Intel took the base Ice Lake design (pictured above) and modified the processor's die to customize it for AI workloads. The device still uses the standard Ice Lake package with the CPU and platform controller hub (PCH) on a single board, but Intel removed the GPU and display blocks on the die and replaced them with a custom-designed AI engine tailored for specific types of inference code. The company also added DSP engines that it could use for algorithms that aren’t specifically tuned for the fixed-function accelerator blocks, affording a bit of needed forward-compatibility for the fast-moving AI space.
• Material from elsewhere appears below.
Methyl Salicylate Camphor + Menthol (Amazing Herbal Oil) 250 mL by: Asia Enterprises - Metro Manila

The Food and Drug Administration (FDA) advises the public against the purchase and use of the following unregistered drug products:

Intel hasn’t shared finer-grained details of the accelerator blocks, but they likely use a series of repeating elements, much like a GPU. With Gen11’s beefy memory subsystem (deep dive here) already in place to feed the beast, the company likely swapped out the graphics execution units (EU) with customized logic (or modified the existing units) while retaining the interconnects and complementary structures between the units.
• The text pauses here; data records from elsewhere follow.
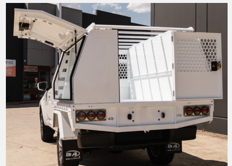
FLEXIBLE STORAGE OPTIONS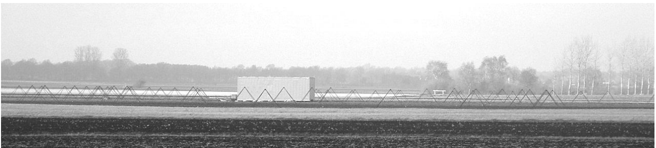
Figure 1. Prototype element antennas deployed at the initial LOFAR test site in Drenthe (Nov. 2003). Each element antenna here is a dual polarization, crossed ñroopy dipoleí installed in a pyramidal mechanical construction made of inexpensive PVC pipe having the first stage, analog processing at the apex. This cluster of 100 elements is connected to receiver units and a small cluster computer in the container for design testing.

The LOFAR system design aims to realize an aperture synthesis radio telescope based on a very large number of low-cost, stationary, all-sky antennas ñ about 15000 initially, to be increased in future as science dictates and funding allows. The design then relies on a distributed, hierarchical, digital signal processing chain to implement the majority of its functionality in software. The resulting instrument has extreme agility in time, in pointing direction and in observing frequency, as well as multiple independently pointable beams and several simultaneous modes of operation. In this section is described the signal processing chain that achieves these functions.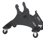
SE-20 A : 22" C : 24"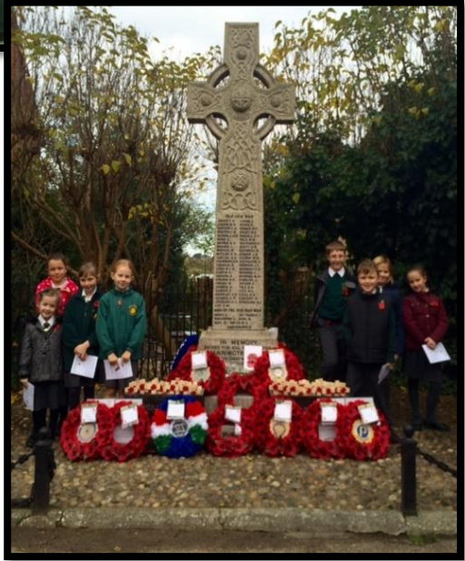
The best thing about this school is the learning and the open space to play.

The CPU still features several x86 Intel architecture (IA) compute cores, though Intel hasn’t provided a specific core count, that wield the Sunny Cove microarchitecture. Intel’s Oren Gershon, the GM of Inference Products Engineering, did vaguely mention that the company removed a few of the ‘other cores’ to make room for the extra componentry, so it is possible that these quad-core Ice Lake processors now function as dual-core models.

(Image credit: Tom's Hardware)

Intel mounts the package on different forms of add-in cards, like the M.2 version pictured above, which can then slip into the standard M.2 port on a server motherboard, or on larger add-in cards that slot into a standard PCIe slot. Unlike some custom silicon designed for AI, like Google’s TPU, this device is broadly hardware-compatible with almost all existing modern servers. The approach is also scalable: You can add as many NNP-I’s to the server as needed, especially with PCIe risers that house multiple M.2 ports.

Intel says the NNP-I falls into a similar thermal design power (TDP) range as the Ice Lake processors, meaning they’ll top out around 28W, but noted that the M.2 interface’s 15W limitation hinders power delivery to the smallest devices. NNP-I’s connected to larger add-in cards can operate at the highest TDP ratings, meaning they offer much more performance.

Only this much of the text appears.